Key messages on question order within a subjective well-being question module

Although overall effect sizes appear to be small in most cases, the presence of order effects within groups of subjective well-being questions has some clear implications for survey design. First, it seems advisable to ask the most general evaluative questions first, followed by domain-specific evaluative questions as necessary. If evaluative subjective well-being is measured by single-item scales, using only one of these measures should reduce redundancy and any potential for respondent confusion or fatigue. This means that a choice must be made between, for example, the Cantril Ladder, a life satisfaction question and an overall happiness question, rather than including them all in one survey. Where domain-specific measures are to be included, covering a wide range of domains should reduce the likelihood of respondents focusing on any one particular domain (such as marital or relationship satisfaction).
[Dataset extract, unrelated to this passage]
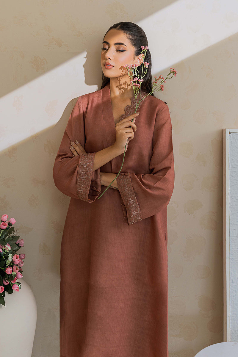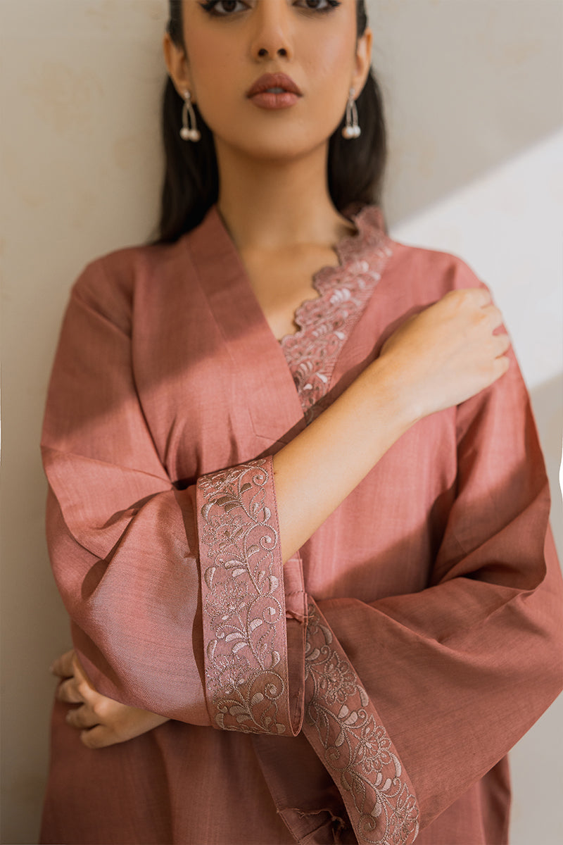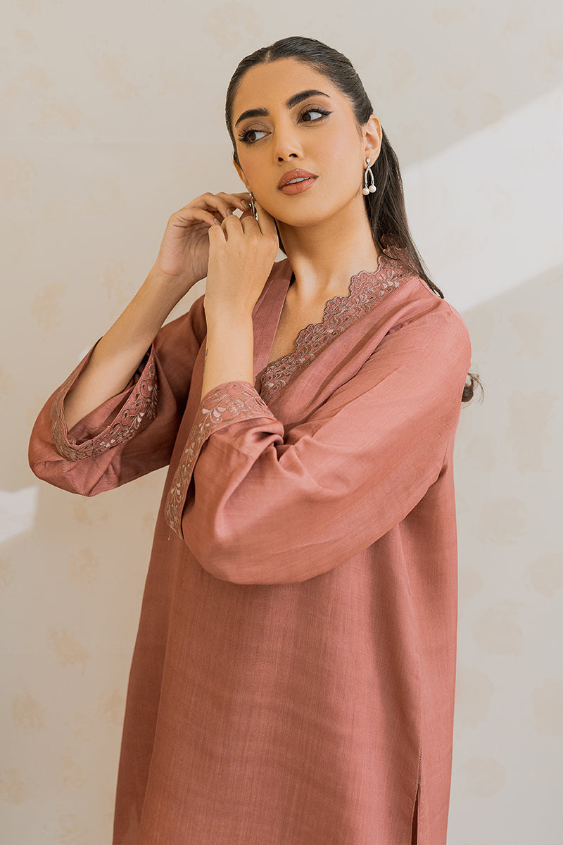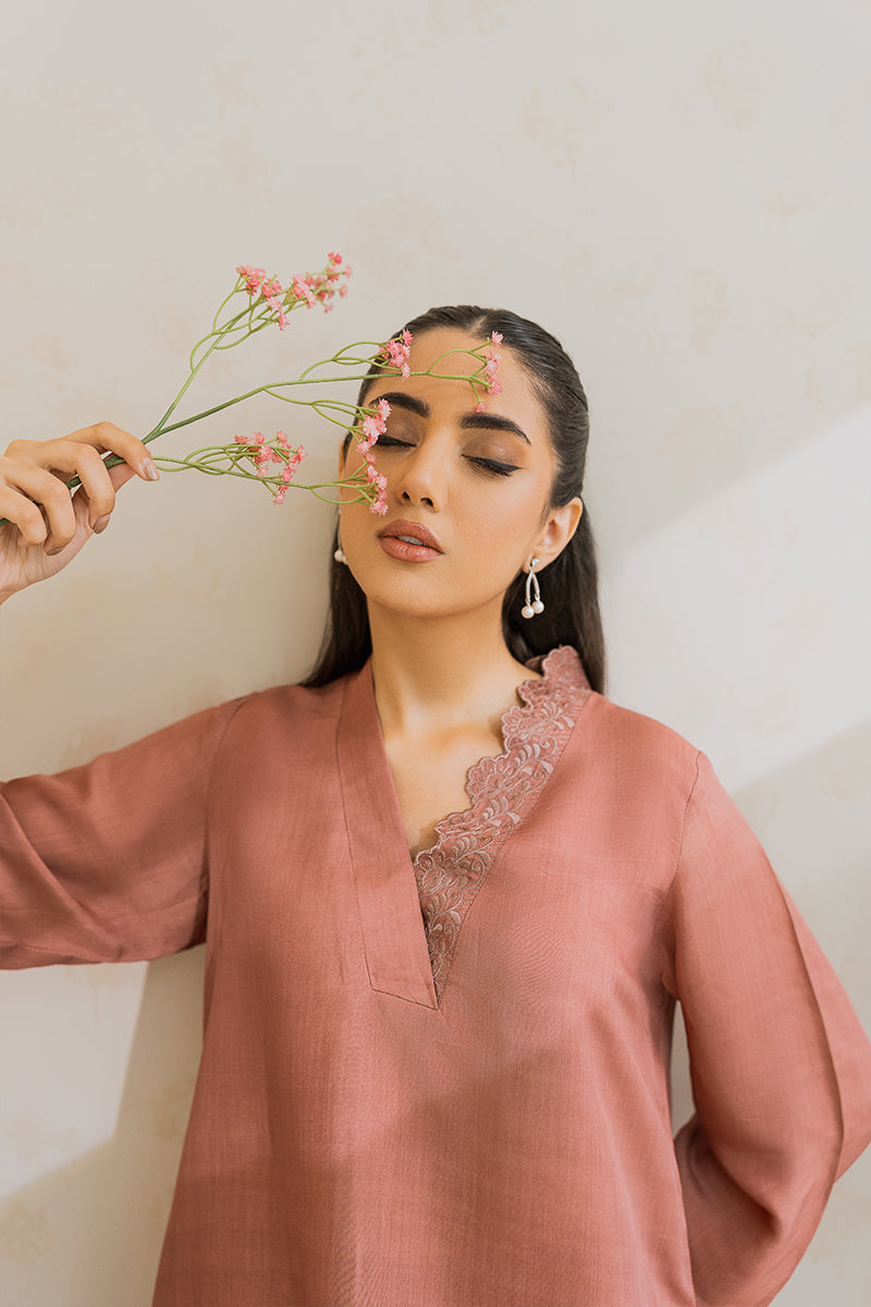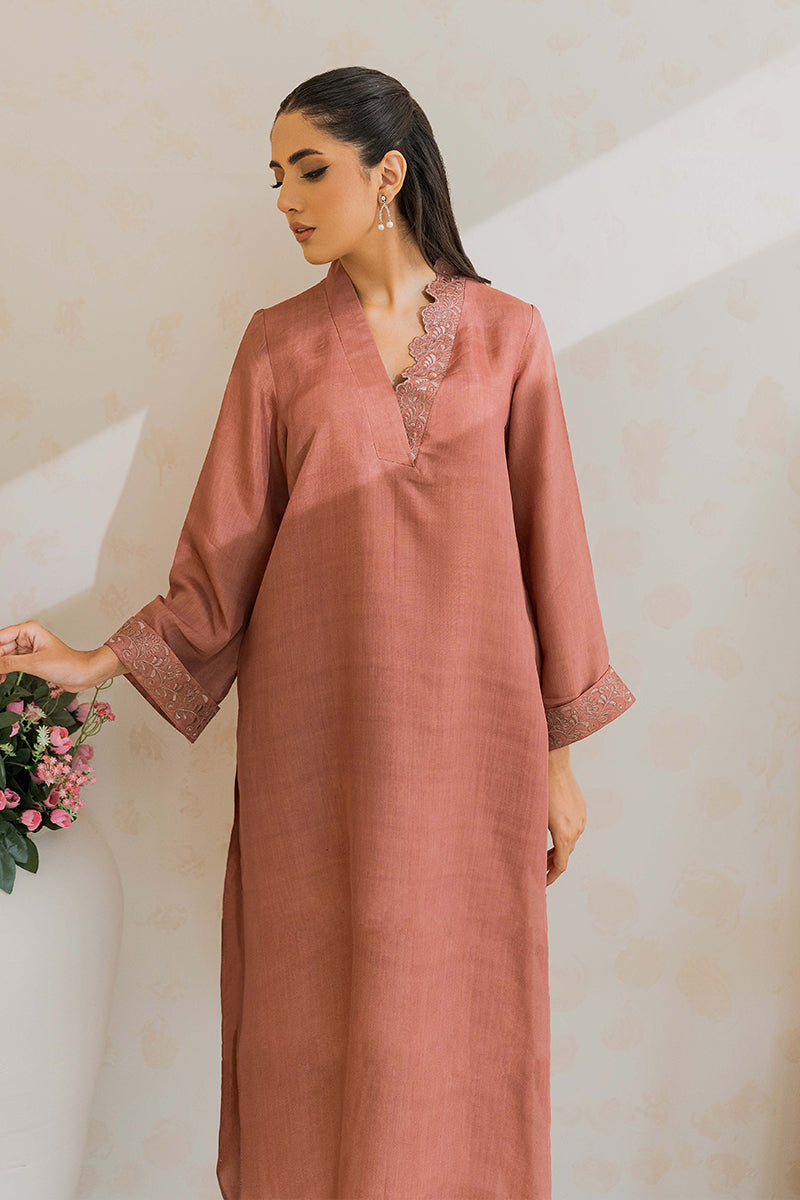 Dress to impress in our tea pink straight silhouette featuring intricate embroideries on neckline and sleeves.

The approach of running from the general to the specific suggests that surveys should move from global evaluative measures to eudaimonic questions and then to more specific affect measures - although further work is needed to explore how responses to each of these questions may interact and concerning the buffering text and/or question instructions that might be best used to break up the question module. In the case of affect measures, although in theory randomised presentation of positive and negative affect items is likely to represent the optimal solution, in practice this could heighten the risk of respondent or interviewer error, particularly in less technologically-advanced survey settings. Thus, the best way to ensure comparability of results may be to use a fixed item order across all surveys. This requires further investigation.